Right here’s what the MCP server config seems like behind the scenes:
Take note of the significance of the MCP_ROLE. This one atmosphere variable controls which routes the agent has entry to. Set it to “NOC” and the agent can advocate firmware upgrades. Set it to “sysadmin” and the identical agent, with the identical immediate, will solely have the ability to generate compliance reviews—no upgrades, no PUTs.
That’s the benefit of separating the intelligence (LLM) from the management aircraft (MCP). You keep answerable for what the agent can do.
And right here’s what the MCP server makes occur:
- Community Pharaoh traverses our Cisco U. group, pulling an inventory of managed units and spitting out a report.

- As Community Pharaoh is ready for a human within the loop to execute the improve, it additionally auto-corrects the model primarily based on net search and schedules it for us primarily based on utilization.

- Et, voila!

The abilities behind the scenes
Let’s zoom in for a second.
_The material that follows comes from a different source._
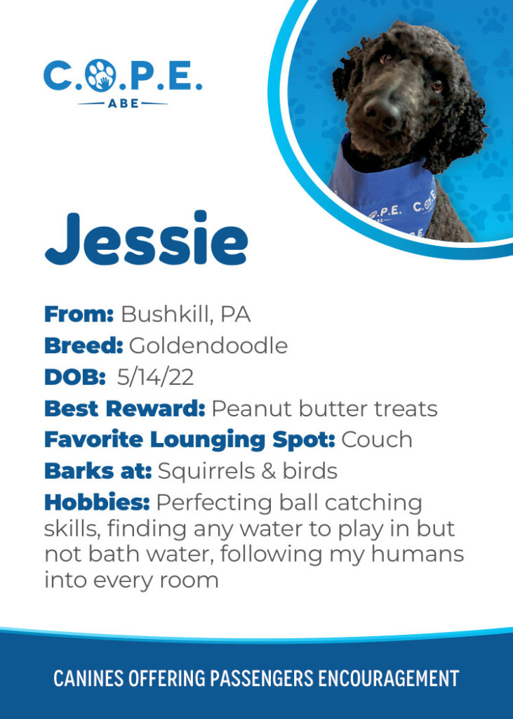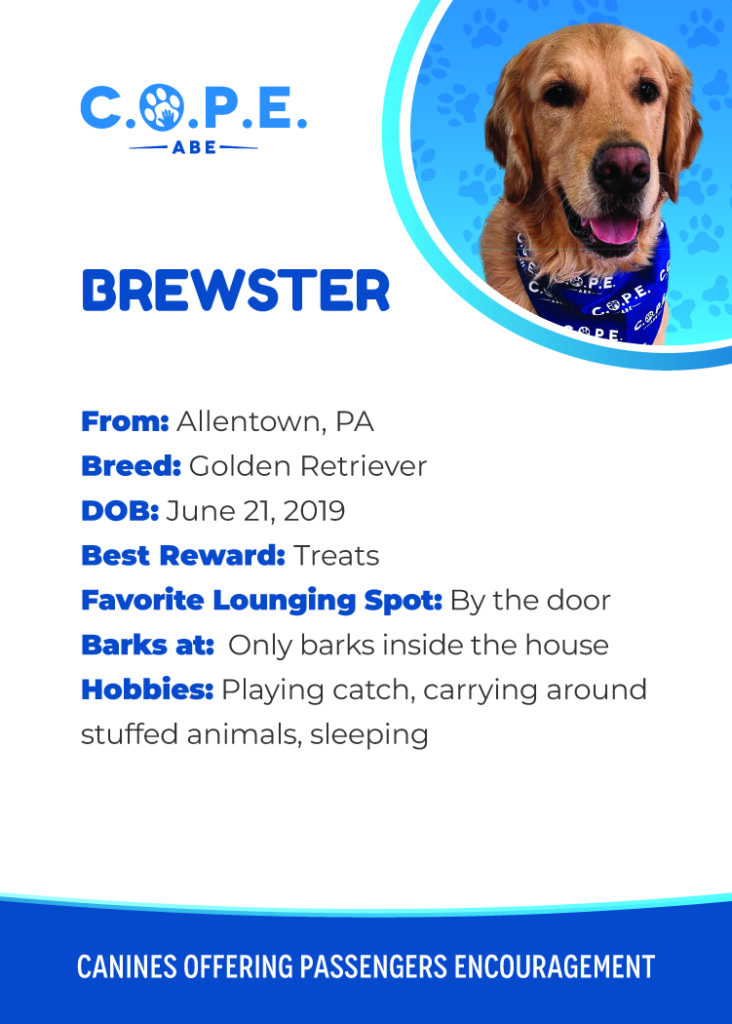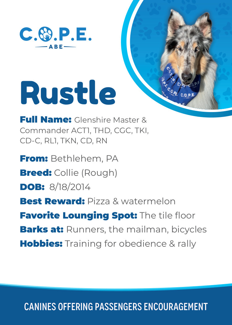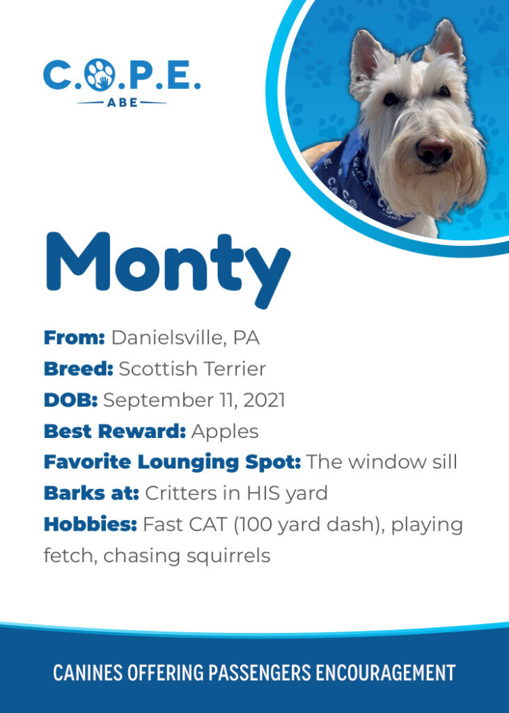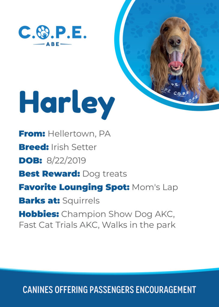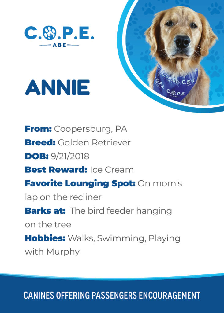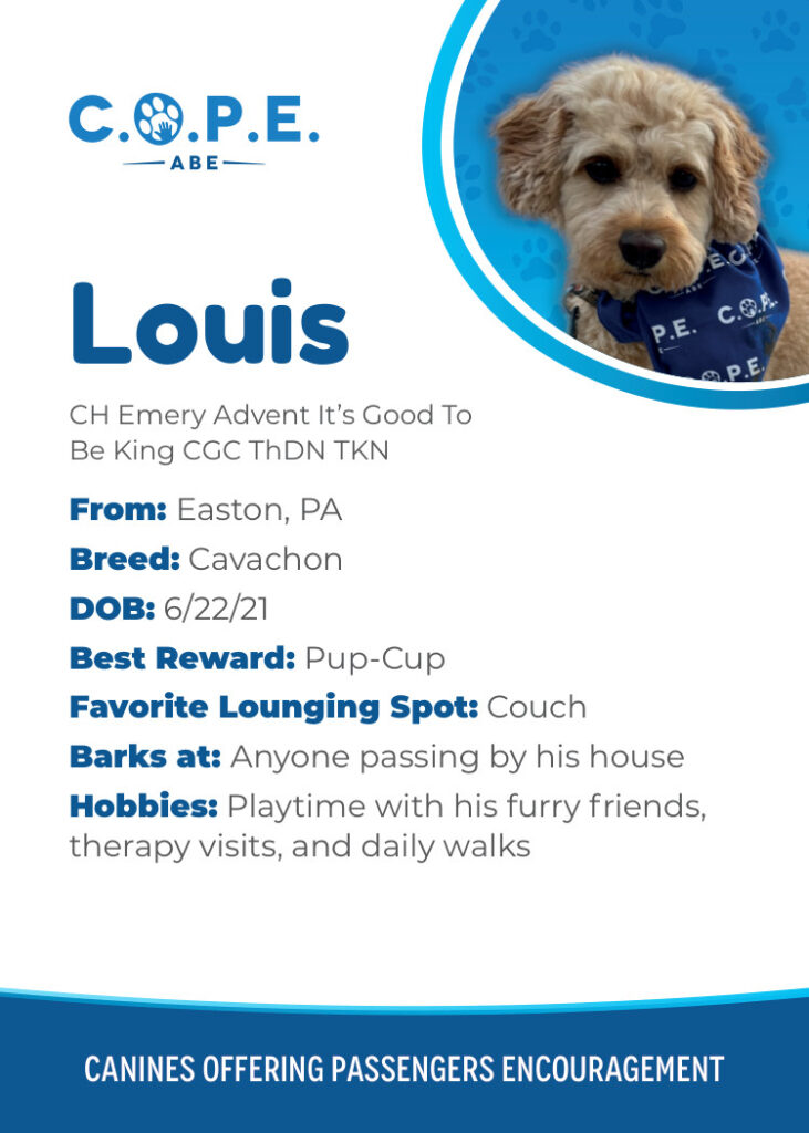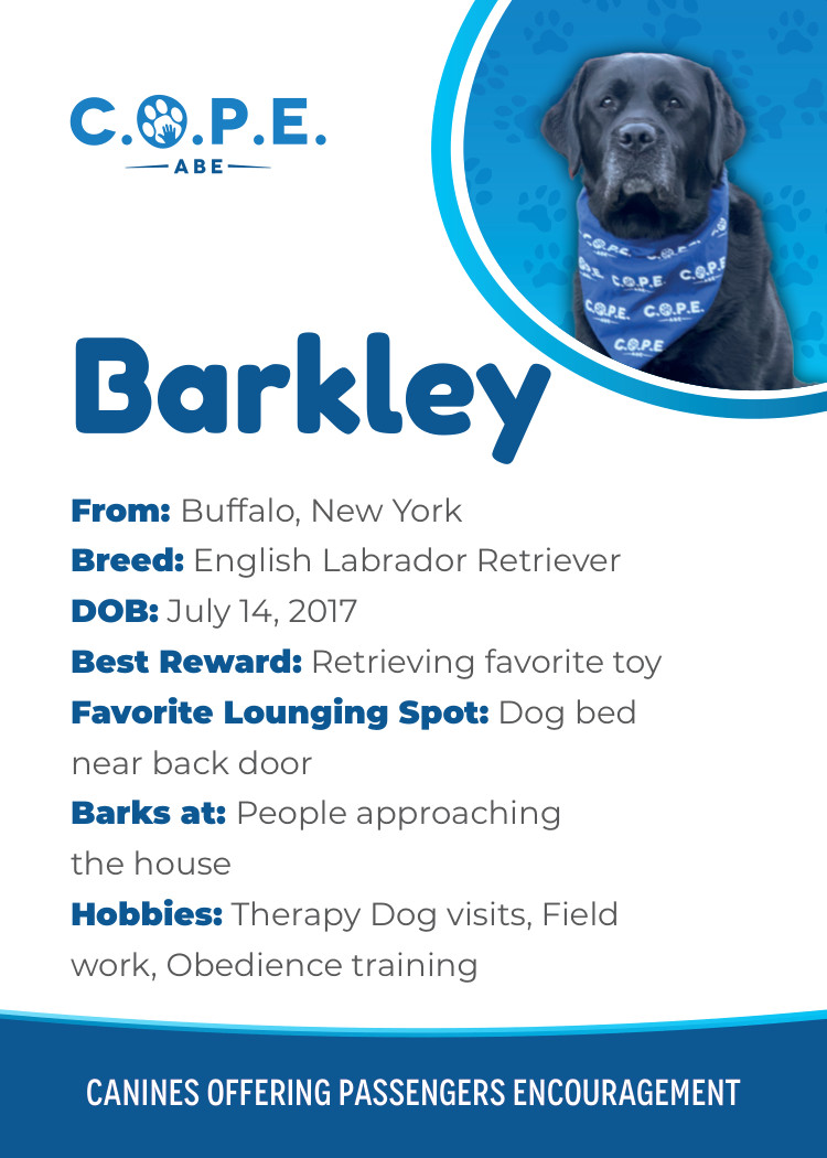 All Flight InformationMeet our C.O.P.E. crew! Check out some of our volunteer’s favorite hobbies and best rewards, as well as more information about their breeds and ages. Please say hello next time you are traveling through ABE!

What did it take to construct this?
Listed here are the talents a community engineer must put this collectively:
- Understanding of API fundamentals: OpenAPI specs, endpoints, HTTP strategies
- Python scripting: Spinning up a fundamental server and configuring the MCP wrapper
- Entry management considering: Defining roles, entry boundaries, and imposing least privilege
- Agent design mindset: Prompting with context, goal, and clear human oversight
- Curiosity and experimentation: Making an attempt issues out and tweaking as you go
And perhaps most significantly:
- A shift in considering—from constructing automation for the community, to constructing automation that understands the community.
Let’s preserve pushing this frontier. As a result of the extra we construct clever boundaries, the extra we unlock protected autonomy.
And that’s how we go from the Wild West… to a well-governed AI-powered enterprise.